'''

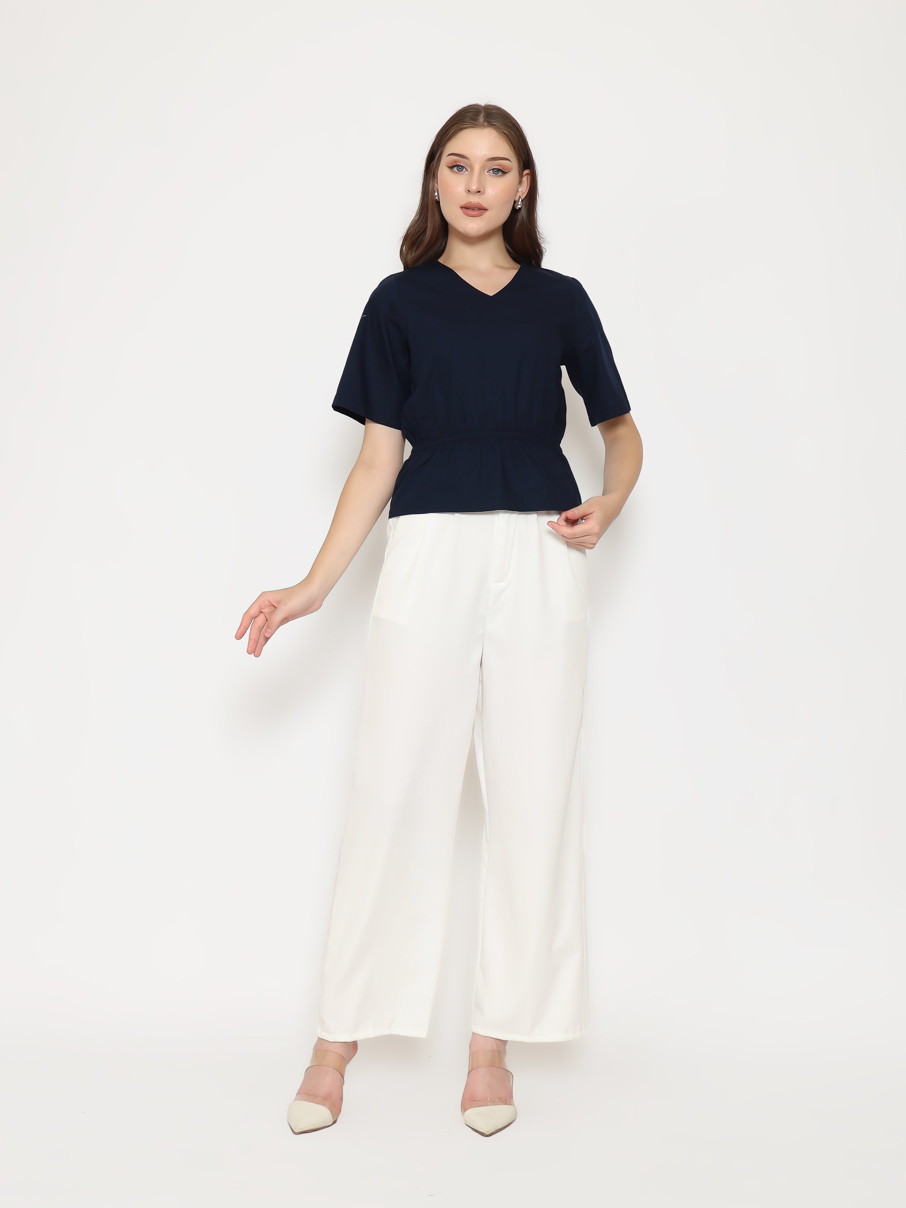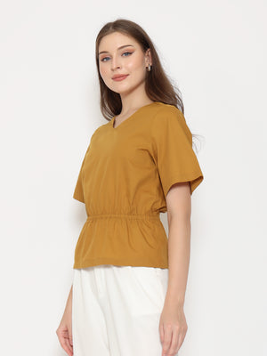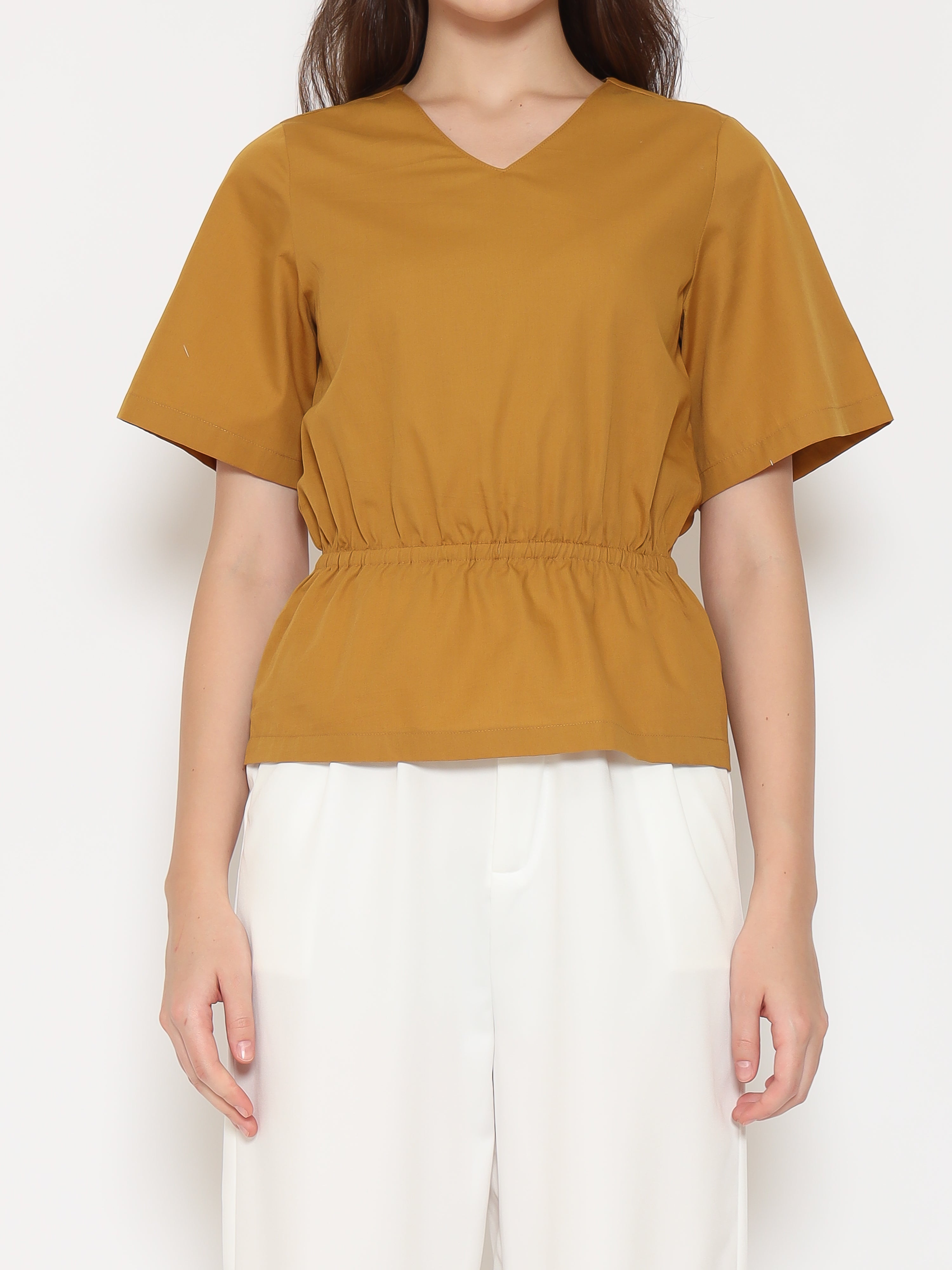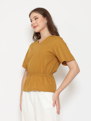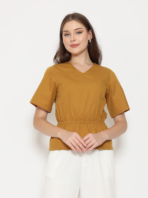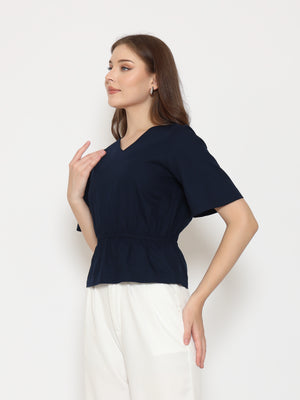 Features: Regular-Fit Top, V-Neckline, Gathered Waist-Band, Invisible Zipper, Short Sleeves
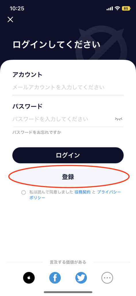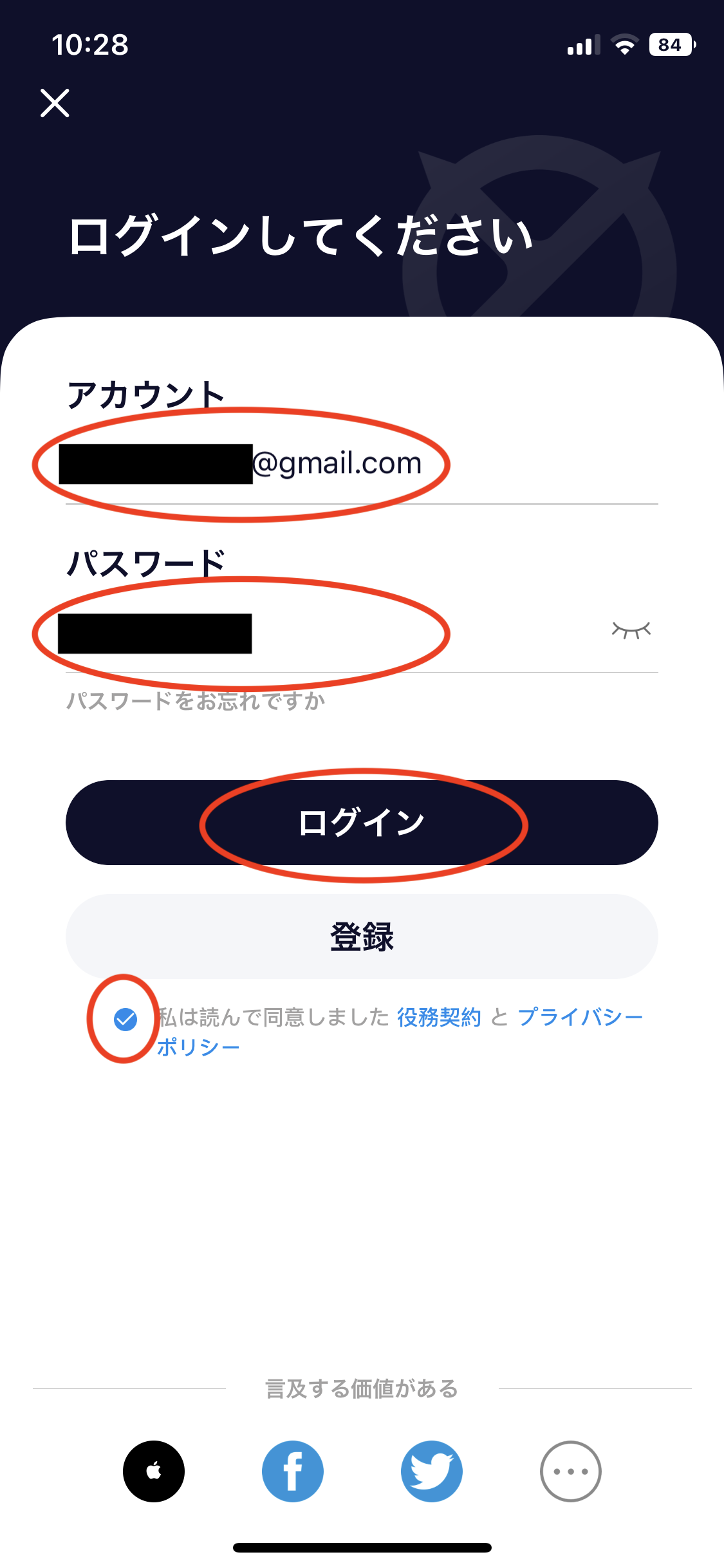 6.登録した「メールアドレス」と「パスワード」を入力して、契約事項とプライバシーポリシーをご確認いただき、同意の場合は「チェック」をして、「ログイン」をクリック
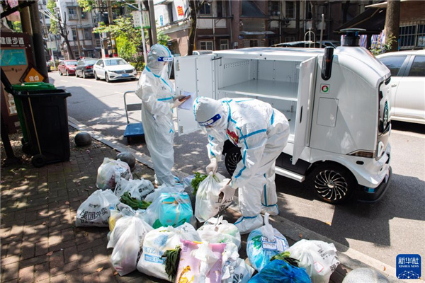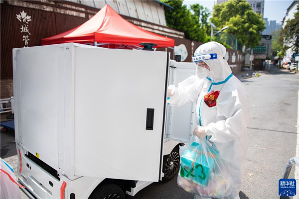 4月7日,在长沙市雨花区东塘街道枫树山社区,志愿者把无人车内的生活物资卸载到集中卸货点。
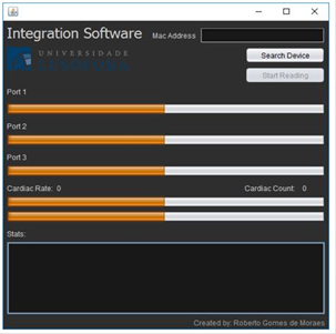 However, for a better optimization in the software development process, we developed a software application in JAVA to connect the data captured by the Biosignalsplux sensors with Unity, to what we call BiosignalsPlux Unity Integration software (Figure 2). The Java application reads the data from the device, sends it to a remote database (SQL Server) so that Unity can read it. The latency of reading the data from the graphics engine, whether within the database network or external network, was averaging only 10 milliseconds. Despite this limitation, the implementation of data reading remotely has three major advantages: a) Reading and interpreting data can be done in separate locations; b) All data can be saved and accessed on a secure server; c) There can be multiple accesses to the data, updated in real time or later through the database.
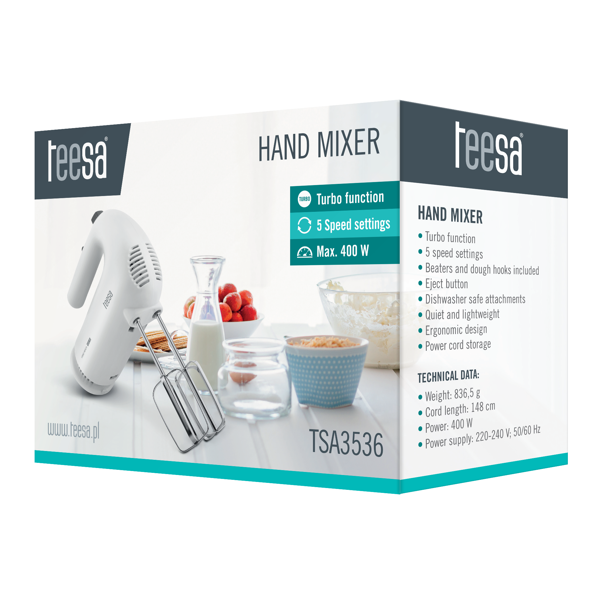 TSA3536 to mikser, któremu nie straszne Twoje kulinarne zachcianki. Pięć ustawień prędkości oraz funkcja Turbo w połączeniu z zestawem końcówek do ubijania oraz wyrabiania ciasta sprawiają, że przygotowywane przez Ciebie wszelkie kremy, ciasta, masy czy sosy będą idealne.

'''

Omit the pictures, then repeat exactly each line from the beginning of the listing through the line with "4月7日,在长沙市雨花区东塘".

▶ [Task result]:
 Features: Regular-Fit Top, V-Neckline, Gathered Waist-Band, Invisible Zipper, Short Sleeves
 6.登録した「メールアドレス」と「パスワード」を入力して、契約事項とプライバシーポリシーをご確認いただき、同意の場合は「チェック」をして、「ログイン」をクリック
 4月7日,在长沙市雨花区东塘街道枫树山社区,志愿者把无人车内的生活物资卸载到集中卸货点。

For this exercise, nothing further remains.